但是今天文心却大胆地在她的脸上用了各种活泼鲜艳的颜色,银色细闪亮晶晶的眼影,浓烈的口红。
她总觉得这类颜色不适合自己。
文心却在画完之后看着她呆了好久,然后很夸张地说她这样很美,是什么女娲毕设,女人中的女人,真正的Alpha……
尽管已经习惯了文心这些夸张的话,可听到的时候她还是会忍不住耳热。
“试卷都在这里了。”
乔以沐指了一下客厅里的26寸行李箱,“刚好塞满,方便你拿。”
董荨:“…………”
这是“一些”?
虽然但是,董荨还是礼貌道谢了。
“……谢谢你乔医生,我把试卷拿出来后再来给你还箱子。”
“箱子不用着急,什么时候还都可以。”
董荨拿了试卷就想赶紧离开别人家,但是乔以沐却面色有点不自然地拦住了她:“董荨,你可以稍微留下来,我们聊一下吗?”
董荨脚步一顿,停下来点了下头。
“先坐吧。”
乔以沐把她引到沙发的位置。
“如果我的问题让你感到冒昧,我先向你道歉,你也可以拒绝回答。”
“好。”
虽然还不知道对方要和自己说什么,但是看到乔以沐脸上的表情略显严肃,董荨也正襟危坐。
“钟医生说你的抑郁症已经转成轻微了,我想知道你是怎么重燃起对生活的希望吗?抱歉,这个问题真的有点冒昧。”

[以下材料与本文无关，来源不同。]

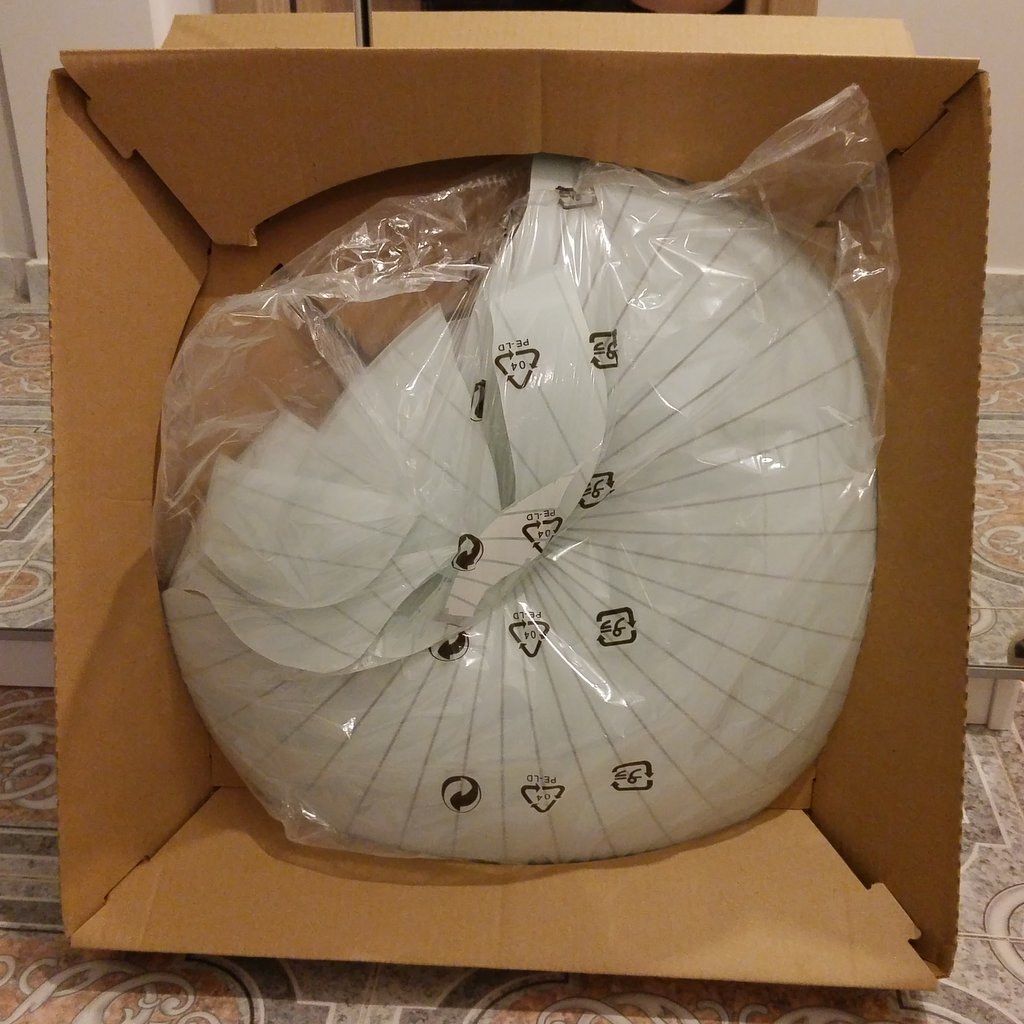 Întâmplător noul abajur are o micuță crăpătură pe una dintre părți și cred că acum aș putea să-l duc din nou acolo, spunând că n-am observat-o la achiziție și că vreau una nouă. Nu voi face asta, mi s-ar părea mârlănie după ce am economisit 100 de lei pentru că mi-au găsit una de schimb. E o crăpătură de 1 cm oricum.

乔以沐上次傍晚在楼下遇到文心的时候,那天晚上她的情绪很不好,骤然失了平时的理智,病急乱投医问过文心一次,自那之后自己家里的情况文心和董荨基本上就都知道了。
且经过上次叶惠蓉发病那件事,文心帮了那么大的忙,乔以沐已经彻底从心里认可了她还有董荨作为朋友。
事到如今也没有再继续藏着掖着的必要,她索性趁着机会又问了一下董荨。
毕竟没有得过抑郁症的人是没有办法感同身受那种痛苦的,而董荨的回答或许更有参考性。
关于乔以沐的家庭情况,董荨也知道,她心下了然对方问自己这个问题的初衷。
“我和您母亲的情况也许不太一样。”
董荨很认真地思考说出自己的想法:“我自己本来就是个贪生怕死的人,只是没有办法活下去,所以才会想着去死,而后来,您也知道的,我摆脱了原来那种不得已的状态。”
乔以沐不语,心里却有些难受。
确实是情况不一样,她的妈妈是自己陷入了情感的死胡同走不出来。
静默持续的几个呼吸里。
“之所以能够心态转变,还有一点……”
董荨垂下眼睑,顿了顿,又继续道:“大概是因为现在的文心让我觉得,这个无聊的世界上还有一个在意我的人,还有一个我喜欢的人。用钟医生的话来说,这应该叫做牵绊吧。”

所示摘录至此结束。